Un garage solidaire à Limoges

Claire Lamby, responsable de Mobilim87 et Mohammad, en contrat d'insertion.
Vendredi 1er juillet avait lieu, à Limoges, l'inauguration du garage solidaire Mobilim87, créé par l'association d'insertion Varlin Pont-Neuf.

Trouver un emploi c'est bien, pouvoir s'y rendre c'est mieux. La question peut sembler accessoire pour certains mais pour beaucoup la mobilité peut être un vrai frein à l'embauche, surtout dans le contexte de crise actuelle. Car quand bien même on arrive à se doter d'un véhicule, encore faut-il avoir les moyens de l'entretenir. L'association Varlin Pont-Neuf, au service de l'insertion professionnelle à Limoges, s'est emparée du sujet. Ainsi, vendredi 1er juillet avait lieu l'inauguration du garage solidaire "Mobilim87" au 46, rue Léonard-Samie à Limoges.

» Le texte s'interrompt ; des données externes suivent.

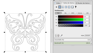 Für die Lasertags brauchen wir zukünftig verschieden farbige Pfade und Objekte. Da der Lasersaur letztlich nur mit Konturen und Pfaden arbeitet, nützt euch eine ausgefüllte Fläche nichts. Ihr könnt Objekte und Pfade wie folgt einfärben; selektiert ein Objekt, klickt mit der rechten Maustaste drauf und wählt „Objekteigenschaften“ nun sollte am rechten Bildschirmrand ein Fenster aufgehen mit den Tabs „Füllen“, „Farbe der Kontur“ und „Muster der Kontur“. Aktiviert bei Füllen das „X“, so ist das Objekt leer und wählt bei „Farbe der Kontur“ eine der Farben für die Schnitt-Reihenfolge (dazu kommen wir gleich).

Ce projet est né avec la collaboration de la fédération Châtaigneraie Limousine et les associations Rempart, et Aleas porteuses de dispositifs d'Insertion par l'activité économique (IAE), mais aussi grâce au soutien d'acteurs publics comme la Ville de Limoges, Limoges Métropole, le Département, la Région Nouvelle-Aquitaine et l'État. Ouvert depuis le 1er mai 2022, le garage solidaire s'adresse aux personnes en situation de précarité (bénéficiaires RSA, demandeurs d'emploi, personnes sous le seuil de pauvreté) et propose une tarification adaptée. Scooters, voitures, voiturettes et vélos sont proposés à la vente ou à la location. Le garage propose également des prestations de réparations. "Le but n'est pas de faire de la concurrence aux garages mais d'être partenaires", souligne Stéphane Goujard, le directeur. En effet, le garage solidaire s'adresse justement à ceux qui ne peuvent pas aller dans des garages traditionnels.

Une équipe engagée

"Entre le moment où une personne nous appelle et où elle repart avec une solution, le laps de temps doit être le plus court possible", résume Claire Lamby, salariée de l'association et responsable du garage. Déjà engagée dans le milieu de l'insertion, Claire Lamby est venue au garage solidaire justement car "il y avait tout à faire : le financement, le projet, l'étude de faisabilité, la constitution de l'équipe, le développement des outils...", cite la jeune passionnée. Ouverts depuis seulement deux mois, "nous recevons déjà une cinquantaine d'appels par jour", informe la responsable. L'équipe est composée de six salariés, trois permanents et trois en insertion à temps partiel. Car oui, le garage solidaire est aussi une entreprise d'insertion. Baptiste Riffimer, le chef d'atelier, encadre deux jeunes en insertion, Mohamad Nattouf et Angélo Tilahimena. "Je suis là pour leur montrer le métier mais surtout pour les orienter vers un vrai projet pro", explique-t-il.

Pour soutenir ce projet, l'État a mobilisé le fonds de développement de l'inclusion (100 500 €), des crédits de la politique de la ville (50 000 € sur 2021-2022) et des crédits de la stratégie de lutte contre la pauvreté (20 000 € en 2020), soit 170 500 € au total, a rappelé Fabienne Balussou, préfète de la Haute-Vienne, présente à l'inauguration.